Oportunidades
Cuando se habla de la Nueva Comedia Americana (que de nueva ya no tiene nada) siempre se reconoce a Apatow como su figura central. Todo bien con Apatow. Pero si se revisa la filmografía, es claro que el director de las mejores es Adam McKay. Ricky Bobby, Hermanastros, Policías de repuesto y El reportero: la leyenda de Ron Burgundy, no solo una de las mejores comedias de la NCA sino de todos los tiempos, componen la obra del director de comedias más importante de los últimos años (bueno, con Ben Stiller). La gran apuesta es una comedia pero, a diferencia de las anteriores, posee los elementos necesarios (coral, historia real, problema de actualidad, un toque de drama) para además otorgarle el reconocimiento oficial que McKay merece. Sabemos, desde ya, que a una comedia pura nunca la van a reconocer debidamente los premios y crítica americana, al menos hasta que su director o actor principal estiren la pata. Pero La gran apuesta, además de poseer estas cualidades estratégicas, es una película excelente.

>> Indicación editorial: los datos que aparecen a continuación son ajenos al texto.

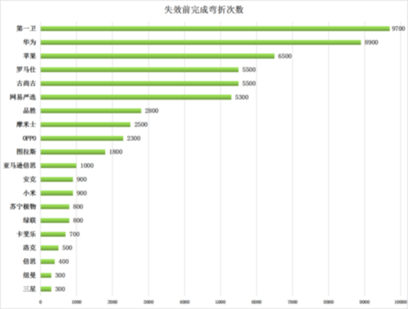 从机械弯折数据可以看出,弯折表现与数据线外被材料是否为编织线无必然联系。消费者在使用数据线时,应避免数据线频繁地弯折;需要弯折的情况下,应尽量减小弯折角度,避免对折的情况,以减少数据线因过度弯折导致内部结构损坏而无法使用的风险。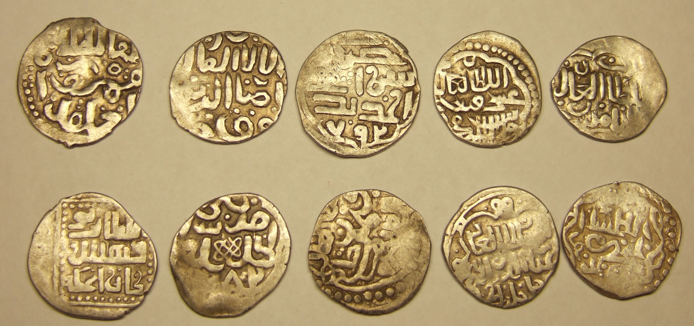 QUOTE(dimidov @ May 28 2010, 01:23) Датировка, цена если можно по горизонтали 1) Поокское подражание монете Темира-Кутлу, №12 по Волкову. 2) Тохтамыш, Сарай ал-Джадид, 78(?) 3) Тохтамыш, Сарай ал-Джадид, 792 4) Джанибек, Сарай ал-Джадид, 743 5) Тохтамыш, Орду ал-Муаззам, ? 6) Тохтамыш, Сарай ал-Джадид, 792 7) Тохтамыш, Сарай ал-Джадид, 782 8) Тохтамыш, Орду ал-Муаззам, ? (тип 791) 9) Мухаммед, Орду, ? 10) Подражание крымской монете Тохтамыша. В каком районе найдено? И можно ли взвесить? |

Si uno lee el argumento, lo primero que se pregunta es cómo se puede traducir esta historia de forma que sea fácilmente entendible para cualquier público. Películas de Wall Street hay muchas, pero los eventos de este film en particular suceden en base a una serie de negocios y términos que ni siquiera los especialistas lograron entender bien. La difícil comprensión de los problemas que generaron la crisis del 2008 fue justamente una de las causas por las que la crisis sucedió en primer lugar. Lo que hace McKay es una genialidad absoluta, al convertir estas explicaciones necesarias en gags perfectos como esos en los que famosos, desde Selena Gomez a Anthony Bourdain, entran en escena a describir conceptos necesarios para comprender los sucesos. McKay es la persona idónea para dirigir este film porque una de las claves de la comedia yace en saber cómo no subestimar al público. La gran apuesta es una película que respeta la inteligencia de sus espectadores y sabe que puede explicar ideas y entretener al mismo tiempo sin perderlos en el camino.
Lamentablemente, quienes seguro no reciban los mismos reconocimientos que su director sean los actores. Los celebrantes de la obviedad, siempre razonando fuera del recipiente, han puesto sus ojos sobre Christian Bale por encima del resto del elenco, justamente el único que desentona con su interpretación exagerada del peculiar Dr. Burry. Mientras tanto, Brad Pitt, el más calmo de los cuatro protagónicos, resalta por contraste con su sabio y conspiracionista Ben. Ryan Gosling, que normalmente hace que una vaca mirando la ruta parezca efusiva en comparación, es el que mejor demuestra las habilidades de McKay como director de actores. Por vez primera (o segunda, estaba bien en Crazy Stupid Love) compone un personaje desde el gesto y la palabra y se apodera del relato con autoridad. Detestable y fascinante al mismo tiempo, funciona como gran contrapunto del Mark Baum de Steve Carrell, que con dosis de culpa, autodeterminación y neurosis se convierte en el único héroe en este lío.
Y no abuso de una frase pre-armada porque suene bien. El atractivo de La gran apuesta, además de su humor y ritmo frenético, reside en cómo McKay transforma en épica justiciera las acciones de estos inversionistas que simplemente aprovecharon un sistema fallido. Porque no es boludo, y entiende que no puede ignorar las desastrosas implicaciones económicas, sociales y políticas del evento. Lo demuestra numerosas veces, cuando el personaje de Pitt les dice a los pendejos que no festejen, o cuando vuelve al padre de familia latino que se queda sin casa. Lo que McKay explota es el absurdo de que ante un sistema tan profundamente corrupto, aquellos que encuentran como golpearlo, aunque sea por ganancia personal, se convierten en figuras nobles cuales Robin Hoods con un plan de un solo paso (robarle a los ricos). Cuando Baum se encuentra con el garca oriental en un restaurante de Las Vegas y tras charlar decide invertir aún más dinero, todos sabemos que significa más ganancias a futuro, pero no es eso lo importante, sino destruir a esas nefastas entidades que por codicia arruinaron vidas enteras.
McKay triunfa al aprovechar un material pesado y complicado para convertirlo en una sátira rabiosa que no esquiva la seriedad del asunto, pero tampoco permite que lo derribe en su cruzada por entretener.